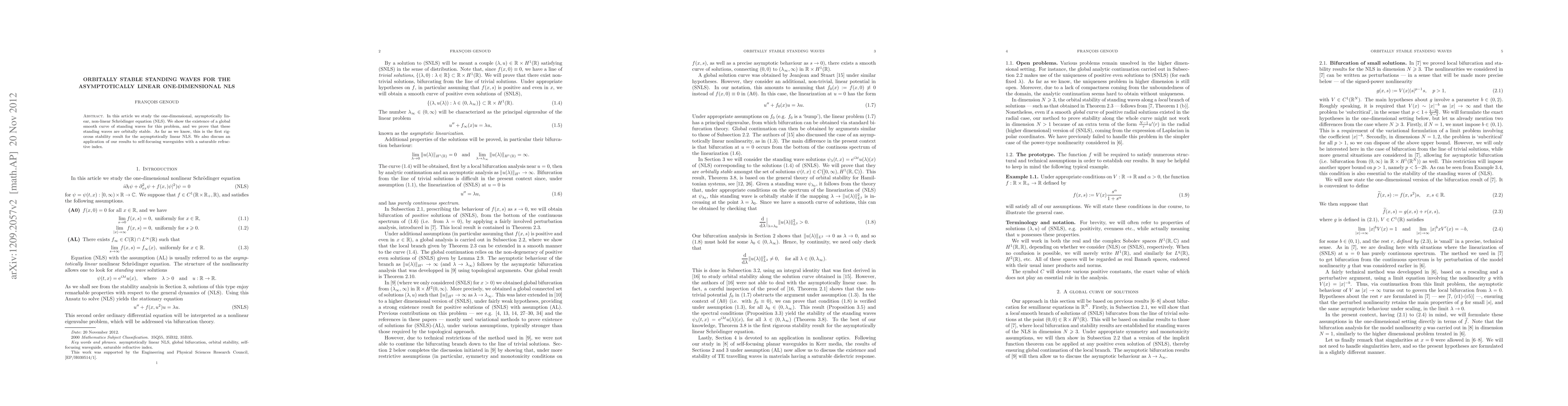 This paper demonstrates the existence of a global smooth curve of orbitally stable standing waves for the one-dimensional, asymptotically linear NLS equation. It presents the first rigorous stability result for this type of equation and applies the findings to self-focusing waveguides with a saturable refractive index.
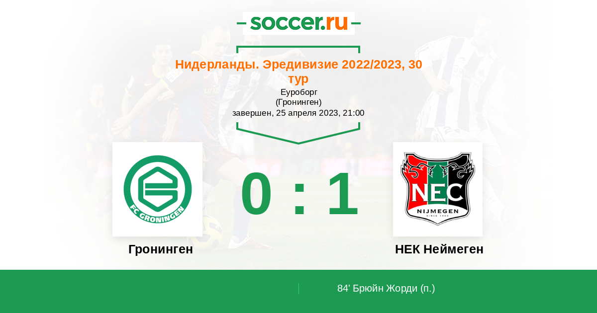 Протокол матча Гронинген против НЕК Неймеген
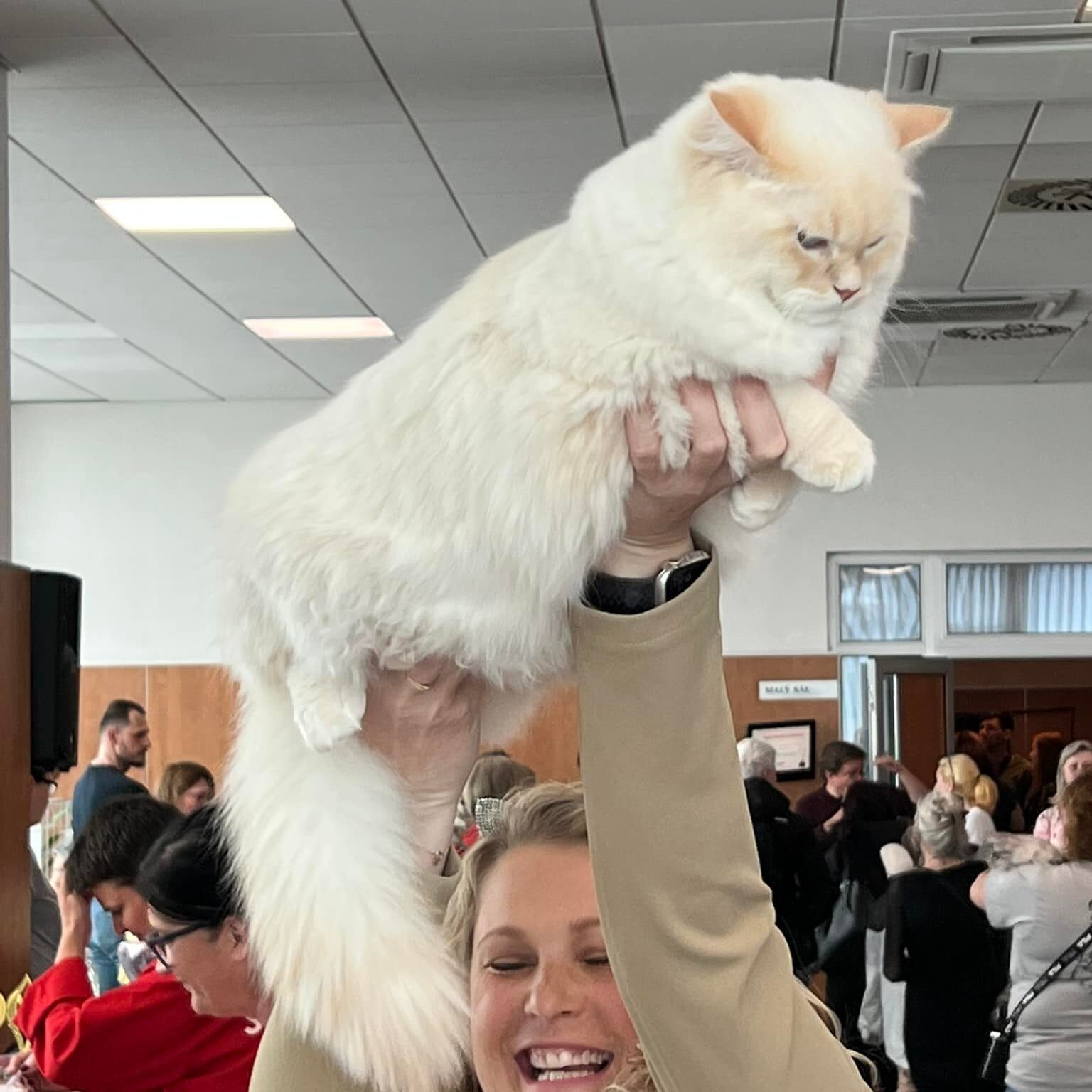 1.4.2023 – Prezenční výstava Praha 4 – Chodov – vítěz plemene NEM, 2. nejhezčí kočka výstavy

:: Aim of the task ::
The range to transcribe runs from the line holding "Протокол матча Гронинген против НЕК Неймеген" through the final line of the data above; copy it exactly and exclude the pictures.

:: Solution to this problem ::
 Протокол матча Гронинген против НЕК Неймеген
 1.4.2023 – Prezenční výstava Praha 4 – Chodov – vítěz plemene NEM, 2. nejhezčí kočka výstavy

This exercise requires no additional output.